Herald rules causing delays to task edit saves - getting worse
Open, MediumPublic

Description

Herald rules are run on every change to every task. With the current number of herald rules we are already experiencing significant delays to each task edit. The proliferation of herald rules is going to be a problem soon.

Do you have an idea of the scale? How much time is being added by them?

@greg: Currently, about 80ms for 64 herald rules.

That doesn't sound great.....

Updates:

2015-08-0880ms
2016-03-14~150ms
2018-09-20~300ms
2024-06-27~270ms

Related Objects

Event Timeline

There are a very large number of changes, so older changes are hidden. Show Older Changes

You can start with that as an example, since you're being added to nearly all tasks.

@Danny_B: Do you know a way how I could add myself to watch all projects, become a watcher of all future projects to be created, and get automatically subscribed to all newly created tasks that do not have any projects associated? If that is possible, I could, but I'm currently not aware of such functionality.

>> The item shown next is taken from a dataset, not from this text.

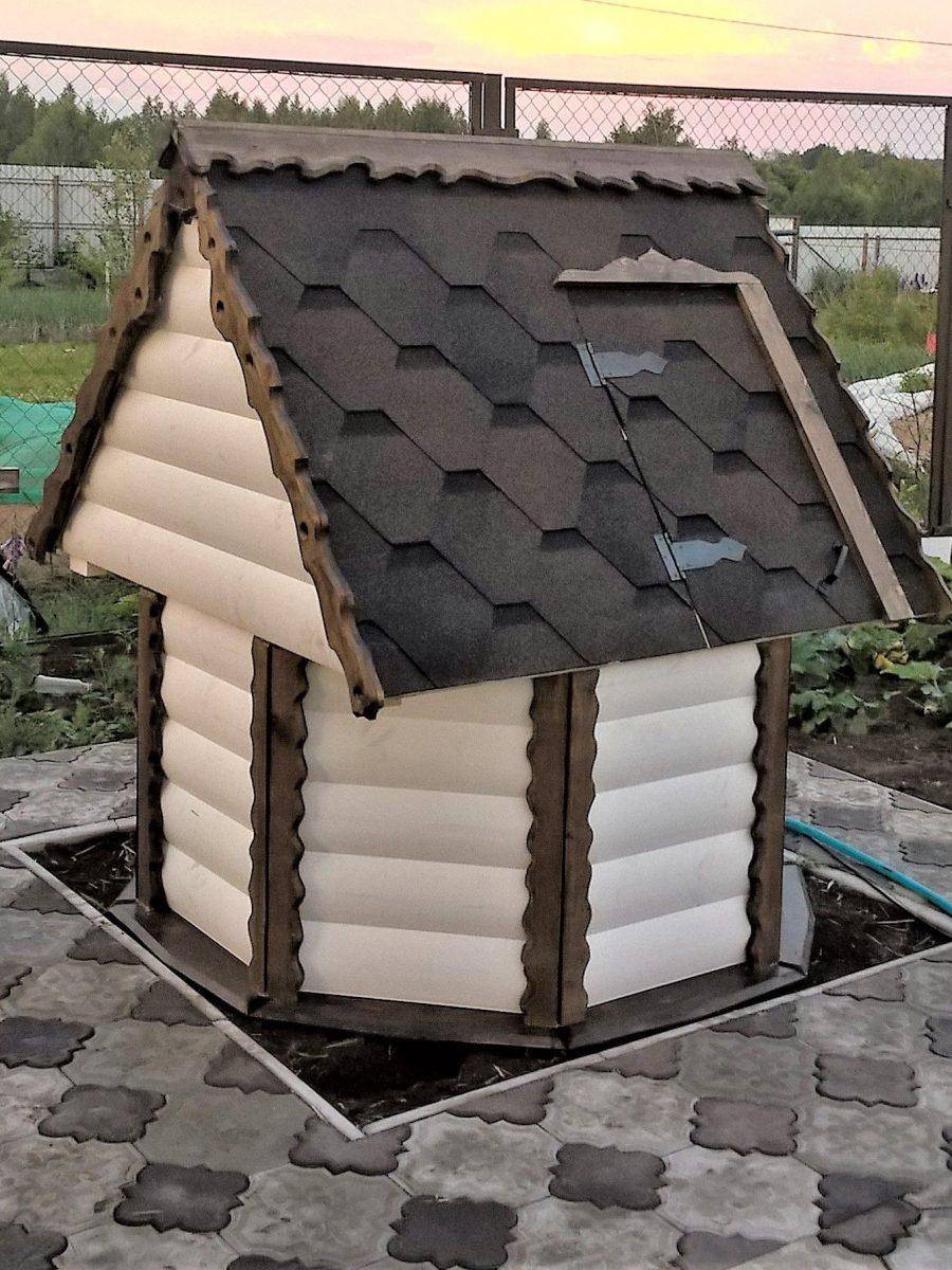 На фото: полная обшивка колодца и вправду делает конструкцию похожей на домик

You can simply watch all relevant projects.
Creation of projects is not so often, so you can watch newly created projects or T103700: LOG: Phabricator project creation.
You can also help to elaborate the needs in upstream report to have the needed functionality added.
Unassociated tasks: Use {H38}.

You can simply watch all relevant projects.

Practically speaking, how can I add myself to watch nearly all existing projects without spending hours of clicking?

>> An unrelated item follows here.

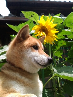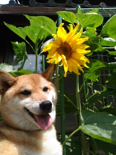 昨日、ママに手伝ってもらって向日葵と柴犬さくらのコラボ

Creation of projects is not so often, so you can watch newly created projects or T103700: LOG: Phabricator project creation.

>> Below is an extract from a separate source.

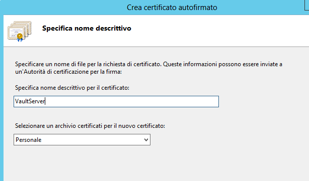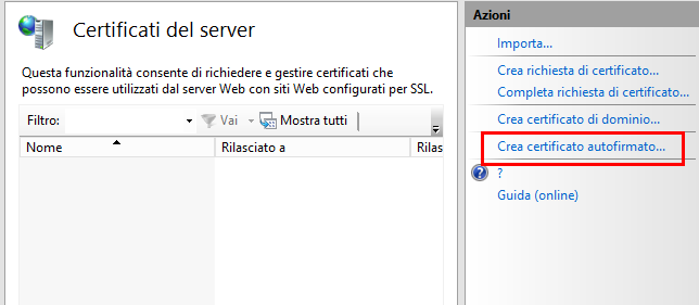 - Fare clic su Crea certificato autofirmato... nel riquadro Azioni.

Can I automatically become a watcher of all future projects to be created, or would I have to spend time and do this manually?

You can also help to elaborate the needs in upstream report to have the needed functionality added.

https://secure.phabricator.com/T11312#187893 describes the upstream position and I don't (yet) see why to not follow that advice.
As requested here I have replied to Evan's questions in https://secure.phabricator.com/T11312#188004

Unassociated tasks: Use {H38}.

For H38 I get "You do not have permission to view this object."

Unassociated tasks: Use {H38}.

For H38 I get "You do not have permission to view this object."

Hm, that's my rule... I haven't been able to figure out how to edit the policies on it, so I hope this is helpful instead:

My H38.png (662×1 px, 54 KB)

You can edit policys at private rules, and you can't change the permissions for other rules too.

Update: It's now up to 140ms-150ms for each task (with 91 herald rules)

Do these numbers come from DarkConsole's Services tab? Wondering how/where to compare.

Not sure if this is the original source of the numbers, but the "Herald Transcripts" view shows how long each evaluation took (at least, roughly):

https://phabricator.wikimedia.org/herald/transcript/

For example, "93 ms" means that rule evaluation took 93 milliseconds.

Is it the number of Rules that is the problem, or more the number of Conditions? I.e. would it help if we asked users who have 2 rules that could easily be merged, to do so? E.g. H274 and H275 could easily be merged into a single Rule, but it would have the same number of Conditions so merging might not help...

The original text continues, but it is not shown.